Nellum and his colleagues at The Education Trust-West have supported a statewide FAFSA filing requirement. Gov. Gavin Newsom proposed a similar requirement in his January budget to ensure that every school district gives all of its students information about the college financial aid applications at least once before senior year starting this fall. The proposal would also require districts to ensure that high school seniors who don’t opt out complete and submit a financial aid form.
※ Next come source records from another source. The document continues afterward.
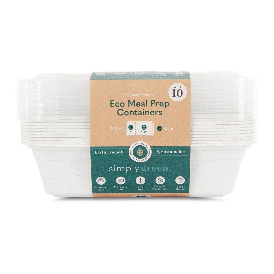 Take your meal prepping to the next level with the Simply Green 20-Piece Meal Prep Container Set! This set includes 10 reusable meal prep containers and 10 clear lids making it perfect for large meal prep batches food storage catering or restaurant use. Each 39 oz container features a 2-section divided design (2 cups + 1 cup) for portion control organized food separation and mess-free storage. Made from eco-friendly BPA-free GRS-certified materials (PP + 10% wheat straw) these containers offer a durable reusable and sustainable alternative to single-use plastics. ? Set Includes: 10 meal prep containers with 10 clear lids Capacity: 39 oz. (2+1 cup sections) per container Material: PP + 10% Wheat Straw (BPA-Free GRS-Certified) ? Dimensions: 2.17 (H) x 6.69 (W) x 4.72 (D) ? Food-Safe Durable: Microwave-Safe ? Heat meals safely (without the lid). Freezer-Safe ? Preserve food freshness. Dishwasher-Safe (Top Rack) ? Easy cleaning for hassle-free use. Designed for meal prepping portio
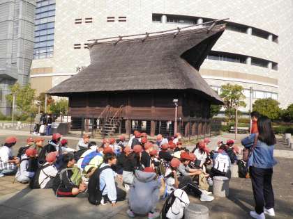 今日は6年生が大阪城周辺へ大阪市探検へ行ってきました。歴史博物館前にある高床式倉庫を見学した後、大阪城周辺に残る戦跡をオリエンテーリング形式で見学していきました。天守閣にものぼりました。
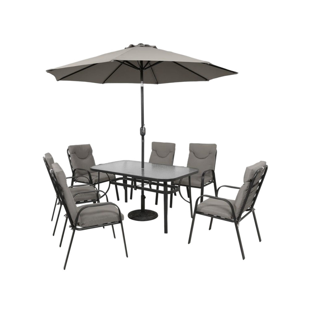 أضف لمسة من الرقي والعملية إلى مساحتك الخارجية مع طقم طاولة و6 كراسي خارجية أنيقة وعملية من بيتنا. يجمع هذا الطقم بين الراحة والجمال ليكون خيارًا مثاليًا للحدائق، الشرفات، والمساحات المفتوحة.
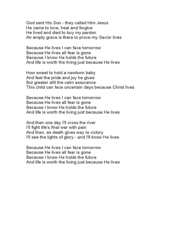 Because He lives I can face tomorrow
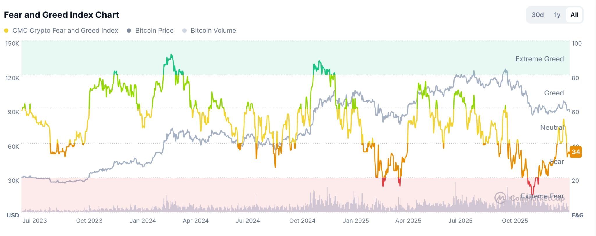 Der Crash des Kryptomarktes findet auch statt, während der Crypto Fear and Greed Index weiter nach unten geht. Daten von CoinMarketCap zeigen, dass der Index von seinem Jahreshoch von 59 auf die Angstzone von 34 gefallen ist.

Other states like Louisiana and Texas have made FAFSA filing a graduation requirement, but California wouldn’t have to look that far for an example of how it would work. Val Verde Unified School District in Riverside County was the first in the state in 2017 to make the FAFSA a graduation requirement. Of 1,563 seniors, only 11 chose to opt-out in its first year, said Mark LeNoir, assistant superintendent for educational services in the district.

Before the pandemic, the district’s counselors created Google classrooms to contact and connect with their students, and they’re using Zoom and Google hangout to interact with students in small groups.

One other key thing for the district — connecting with TODEC Legal Center, a local grassroots immigrant rights organization in the Val Verde community, said Michael McCormick, the district’s superintendent.

“They jumped on board right away to meet with students and explain, if they’re Dreamers, how to apply for the California Dream Act application,” he said. “And many who are Dreamers and their families have been engaged.”